А вдруг и правда в соседней деревне это. А мы всех на уши поднимем. На нас и так настороженно все смотрят, чужаки мы для них.
Не успел он это произнести, как крик прекратился. Все младенцы замолчали разом, словно повинуясь взлету палочки невидимого дирижера. Над лесом воцарилась тишина. Но всего на несколько мгновений – а потом раздался вой, такой тоскливый и громкий, что даже Яна, кичившаяся железобетонными нервами, вспрыгнула на крыльцо, сразу на вторую ступеньку. Бессознательное движение, первобытный инстинкт, когда тело, не спрашивая разрешения у сознания, уводит себя от смертельной опасности.
– Пойдем в дом, – коротко бросил Максим.
Чаю никому больше не хотелось. Рада начала суетливо убирать со стола, стараясь не показать своим, что руки дрожат.
– Волки что ли… – наконец сказала она. – Здесь наверняка должны быть волки.
– А мне показалось, что это человек, – Яна села на подоконник и принялась болтать ногами, обутыми в кеды, скорее похожие на старинные утюги. – Голос какой-то… Не могу объяснить… С хрипотцой.
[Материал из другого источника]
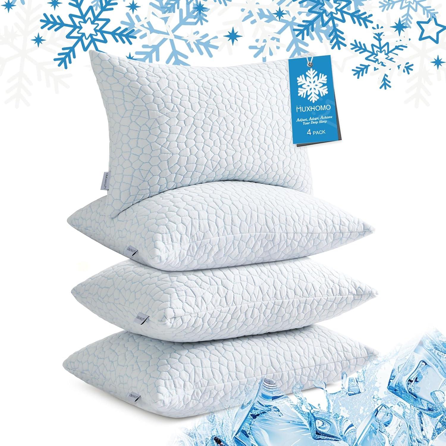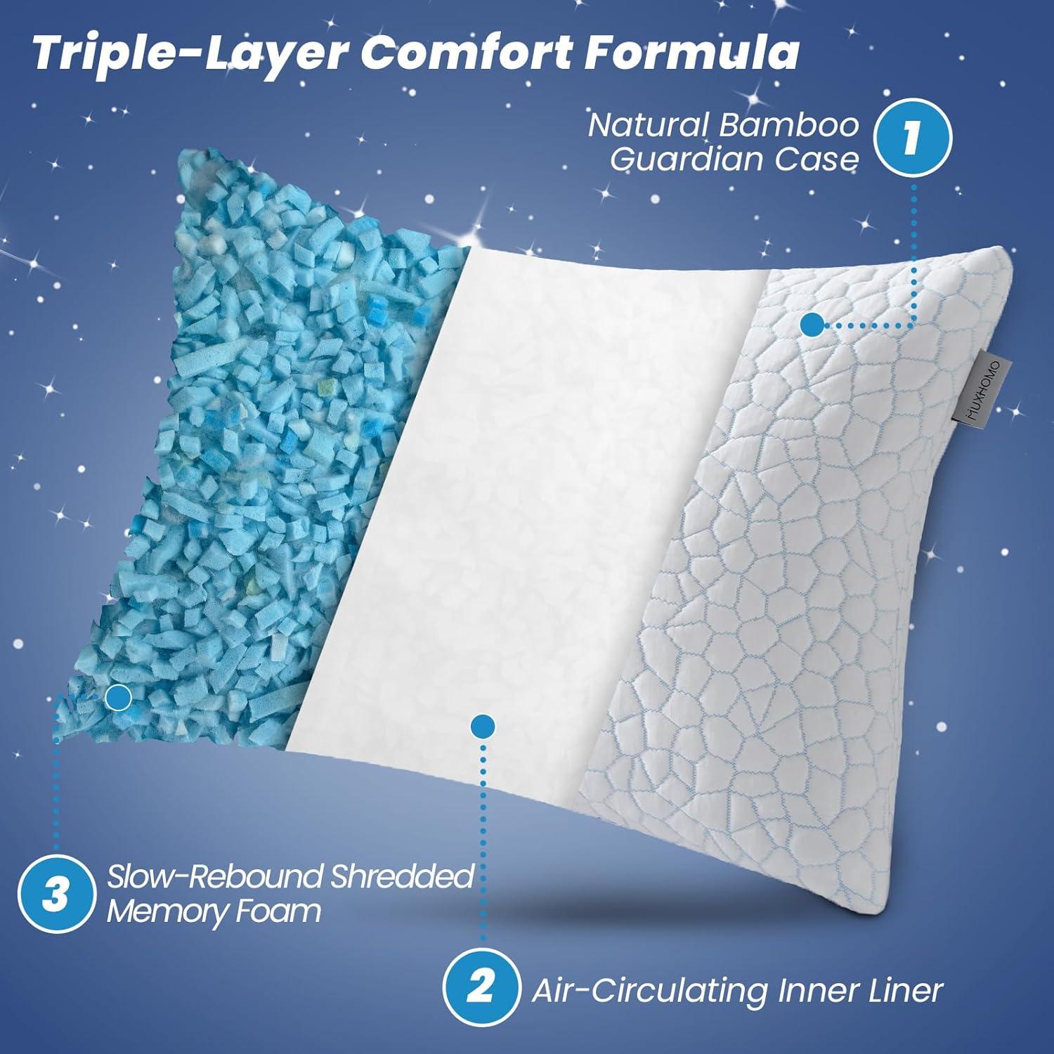 Stay Cool All Night: Made with 40% rayon derived from bamboo, the breathable cooling pillow cover enhances airflow to keep you cool night after night. MUXHOMO luxury shredded memory foam pillows for sleeping ensure a comfortable sleep experience

То ли прокуренный, то ли просто старый.
– Бред какой… Максим, почему ты молчишь?
Муж сидел, уткнувшись взглядом в пустой стакан с чаинками на дне. В последние недели у него часто был такой взгляд – как будто бы мыслями он был настолько далеко, что даже тело становилось похожим на опустевший дом. Раду вновь кольнула ревность. Каждый раз, когда Максим вот так «терялся», она думала – наверное, ту девицу вспоминает. А потом смотрит на нее, на Раду, и сравнивает, и уж понятно, в чью пользу. Девица молодая совсем, и у нее нет ребенка-инвалида, которому надо все время посвящать.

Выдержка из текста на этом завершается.